Basic Conformal Inference

conformal
Published

08 12 2024

Modified

08 12 2024

Unfortunately, I am totally ignorant about conformal inference. However, in today’s seminar, I attended a very interesting talk on the topic, and I think it’s time I try implementing the most basic version of it. It seems like a useful concept, and I might even explain it next semester in my simulation class. What I’ll describe below is the simplest version of conformal inference. There appear to be many extensions and variations of it, most of which I don’t yet understand. For now, I just want to spend a few minutes implementing it myself to ensure I grasp the basic idea.

Consider the (simulated) 1D dataset \(\mathcal{D} = \{x_i, y_i\}_{i=1}^N\) below; our goal is to build prediction confidence intervals \([L(x), U(x)]\) for the target variable \(y\) given a new input \(x\). Crucially, we would like these predictions to be well-calibrated in the sense that \(y \in [L(x), U(x)]\) with probability \(90\%\), say.

1D regression dataset

I am lazy so I will be using a simple KNN regressor to predict the target variable \(y\) given a new input \(x\). For this purpose, split the dataset \(\mathcal{D}\) into two parts \(\mathcal{D}_{\text{train}}\) and \(\mathcal{D}_{\text{Cal}}\). The regressor is fitted on \(\mathcal{D}_{\text{train}}\). To calibrate the prediction intervals, compute the residuals \(r_i = |y_i - \hat{y}_i|\) on the calibration set \(\mathcal{D}_{\text{Cal}}\), where \(\hat{y}_i = \hat{y}(x_i)\) is the prediction of the regressor on \(x_i\). One can then compute the \(90\%\) quantile \(\gamma_{90\%}\) of the residuals: with probability \(90\%\) we have that \(y_i \in [\hat{y}_i - \gamma_{90\%}, \hat{y}_i + \gamma_{90\%}]\) on the calibration set, and this can be used to build the prediction intervals, as displayed below:

1D regression dataset: basic conformal inference

Not terribly impressive, but at least it is entirely straightforward to implement and it has the correct (marginal) coverage: for a new pair \((X,Y)\) coming from the same distribution as the training data, the probability that \(Y\) falls within the prediction interval is indeed \(90\%\), up to a bit of nitpicking. Note that it is much much less impressive than saying that

\[\mathbb{P} {\left( Y \in [\hat{y}(x) - \gamma_{90\%}, \hat{y}(x) + \gamma_{90\%}] \; | \; X=x \right)} = 90\%,\]
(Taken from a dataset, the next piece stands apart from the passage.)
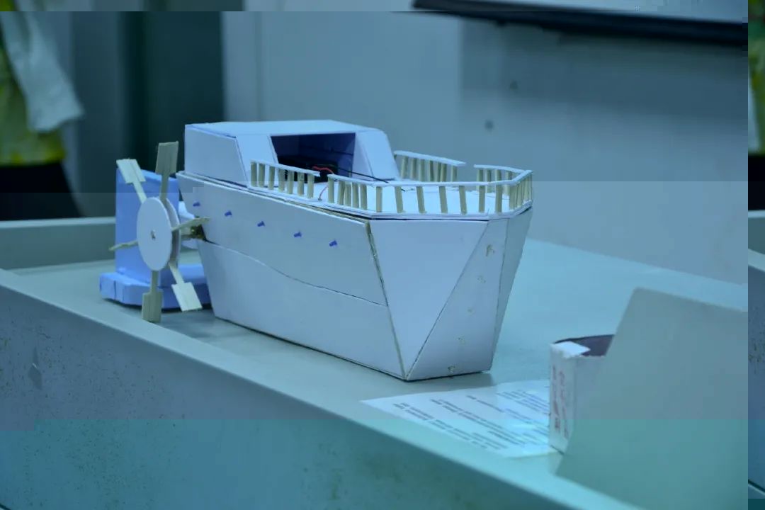 為了契合槳聲燈影的主題,選手們别出心裁的燈光設計讓人眼前一亮。LED燈的插入十分巧妙——獨具匠心的選手将小燈泡插入燈籠裡,營造出“江船火獨明”的詩意氛圍。水面上蕩漾開的光影交織在船體上,引人遐想。秉持着環保理念,選手們大多使用了PVC闆和木材類的環保材料進行制作,上色和粘合也使用的丙烯顔料與熱熔膠,最大程度減少了材料對環境的影響。同學們在保證船體穩定性的前提下,盡可能地使用生活中廢棄的木筷和快遞盒,使其綻放了第二次生命。

which is clearly not true as can be seen from the figure above, but it is a good start. As a matter of fact, I’ve learned today from the very nice talk that without other assumptions, it is impossible to design a procedure that would guarantee the above so-called conditional coverage (Lei and Wasserman 2014). But let’s face it, the figure above is terribly unimpressive. Nevertheless, one can indeed make it slightly less useless by calibrating using a different strategy. For example, I can use the training set to estimate the Mean Absolute Deviation (MAD) of the residuals \(\sigma(x) = \mathbb{E}[ |Y - \hat{y}(x) | \; | \; X=x]\) (again with a naive KNN regressor) and use the calibration set to estimate the \(90\%\) quantile \(\gamma_{90\%}\) of the quantities \(|y_i - \hat{y}_i| / \sigma(x_i)\). This allows one to produce calibrated prediction intervals of the type \([\hat{y}_i - \gamma_{90\%} \sigma(x_i), \hat{y}_i + \gamma_{90\%} \sigma(x_i)]\), which are displayed below:

1D regression dataset: less useless conformal inference

It is slightly more useful, and it is again surprisingly straightforward to implement, literally 5 lines of code. I think I will have to read more about this in the future and I am pretty sure I will introduce the idea to the next batch of students!

Readings:

References

Gibbs, Isaac, John J Cherian, and Emmanuel J Candès. 2023. “Conformal Prediction with Conditional Guarantees.” arXiv Preprint arXiv:2305.12616.
Lei, Jing, Max G’Sell, Alessandro Rinaldo, Ryan J Tibshirani, and Larry Wasserman. 2018. “Distribution-Free Predictive Inference for Regression.” Journal of the American Statistical Association 113 (523). Taylor & Francis: 1094–1111.
Lei, Jing, and Larry Wasserman. 2014. “Distribution-Free Prediction Bands for Non-Parametric Regression.” Journal of the Royal Statistical Society Series B: Statistical Methodology 76 (1). Oxford University Press: 71–96.